Instructors: Professor Rick Kenney of the UW Department of English, and Kevin Craft, instructor of English and Creative Writing at Everett Community College.
Undergraduates will receive 13 credits [ENGL 363, Literature and the Arts; ENGL 490, Study Abroad Program; ENGL 493, Advanced Creative Writing Conference--with some flexibilty depending on individual student degree].
Graduate students should consult with Professor Kenney.

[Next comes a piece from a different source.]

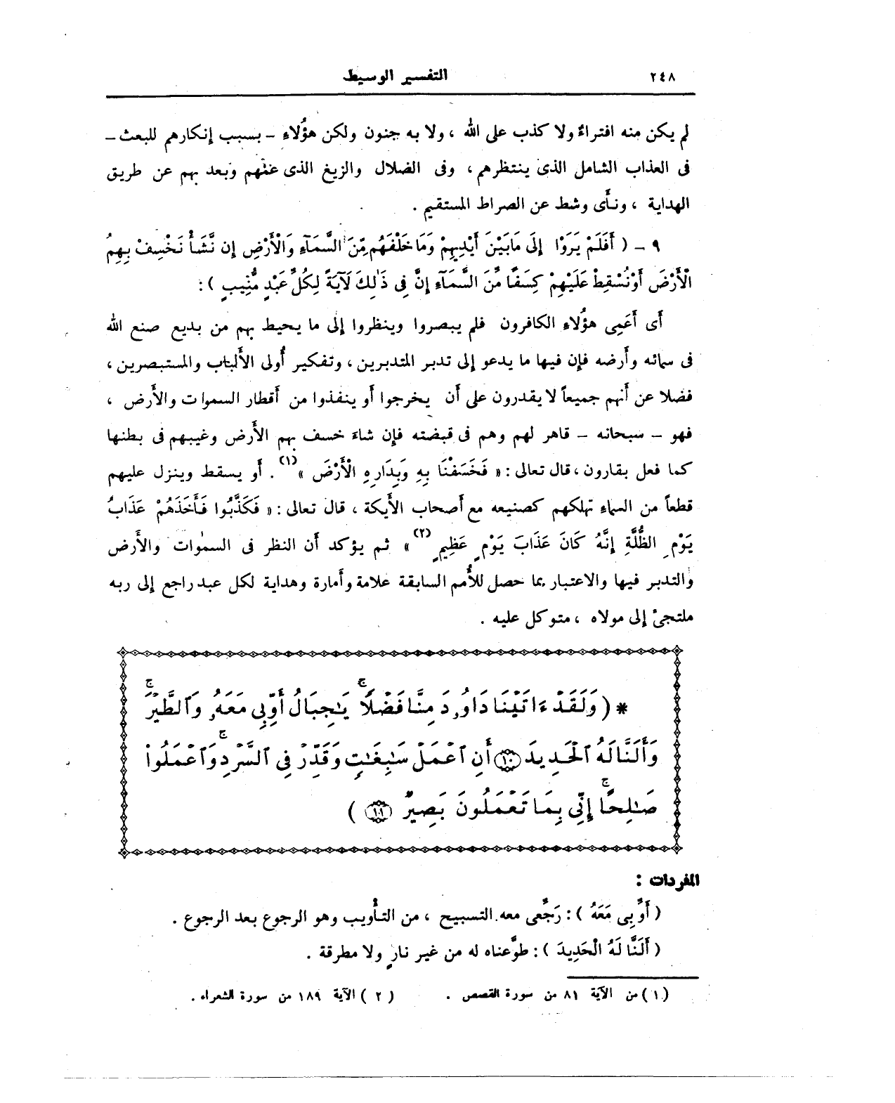 * {وَلَقَدْ آتَيْنَا دَاوُودَ مِنَّا فَضْلًا يَا جِبَالُ أَوِّبِي مَعَهُ وَالطَّيْرَ وَأَلَنَّا لَهُ الْحَدِيدَ (10) أَنِ اعْمَلْ سَابِغَاتٍ وَقَدِّرْ فِي السَّرْدِ وَاعْمَلُوا صَالِحًا إِنِّي بِمَا تَعْمَلُونَ بَصِيرٌ (11)}

During the first half of the quarter we will read Virgil’s Aeneid. Virgil was the greatest poet of ancient Rome; his epic poem, which became central to the education of the Roman ruling class in later centuries, recounts the legend of how Rome was founded by the hero Aeneas after Aeneas escaped from burning Troy. We will spend the rest of the quarter on The Divine Comedy of Dante. Dante’s regard for Virgil was so great that, despite the fact that Virgil was a pagan, he gave him a very special place in the Christian afterlife. When Dante enters hell, he encounters the ghost of Virgil, who then guides him down into and finally out of hell and up through purgatory, with the two carrying on a fascinating dialogue the entire way. Of particular interest to us will be the way in which in this poem Dante conceives the relation of the new, Christian Rome to the ancient Roman Empire. These two poems span the period from ancient Rome to Renaissance Italy, and our study of them will be the basis for our explorations of the history and culture of Rome. (Meets Forms and Genres OR Senior Capstone requirement for English majors.)

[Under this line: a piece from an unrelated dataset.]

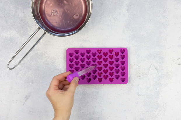 Jetzt die Silikonform aus dem Kühlschrank nehmen, die fertigen Herz-Gummibärchen aus der Silikonform drücken und in die leere Flasche füllen.
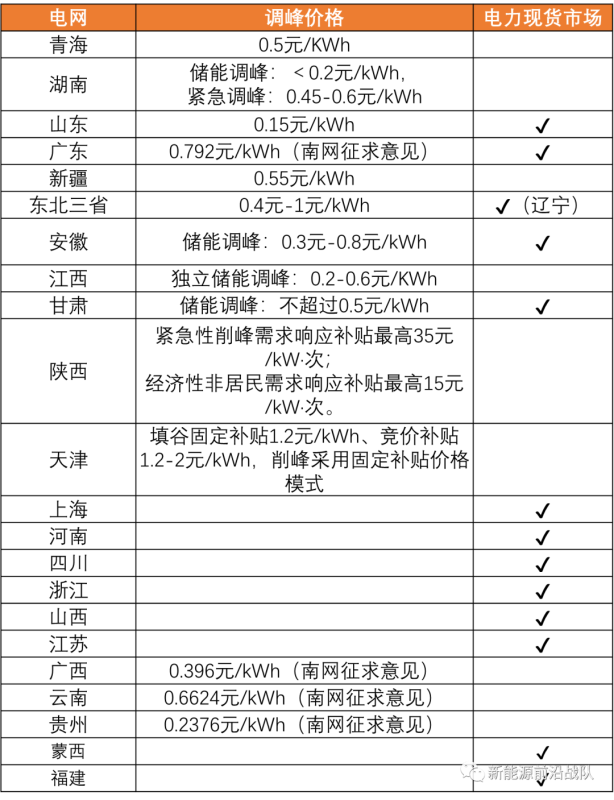 表:部分省(市)獨(dú)立儲能參與調(diào)峰的價格機(jī)制

Due to its close association with the study – and in certain cases the “rediscovery” – of ancient art, Rome played a central role in the process of codification and diffusion of the new Renaissance visual vocabulary, a role also played by Florence and Venice, respectively, in the early fifteenth and in the late sixteenth centuries. This course will explore the multiple aspects of Renaissance art and culture and the peculiarity of the arts produced in Rome, Florence, and Venice, giving particular attention to the analysis and contemporary reception of artists like Leonardo, Michelangelo, Raphael and Titian. Through the use of contemporary textual sources, such as Leonardo’s “Book of Painting,” Giorgio Vassari’s “Lives of the most excellent artists” or Michelangelo’s poems, it will be possible to examine the very concept of “artistic creation” as a chain of practical and intellectual activities not only individually motivated but also historically grounded, linguistically codified and socially determined. Given the unique opportunity of being in Rome or visiting Florence and Venice while undertaking the study of Renaissance art, the course will be articulated in two complementary kinds of lessons: a lecture-based series of meetings followed by group discussions and an extensive number of visits to sites particularly significant as examples of Renaissance art and architecture. .(Meets Theories and Methodologies requirement for English majors.)
Each student will design an individual project that focuses on Rome and the experience of being in Rome – a journal, photo essay or personal essay, for example.
This course will provide students with basic conversational skills in Italian, adapted to the level of the individual student. Prior knowledge of Italian is not a requirement for the program.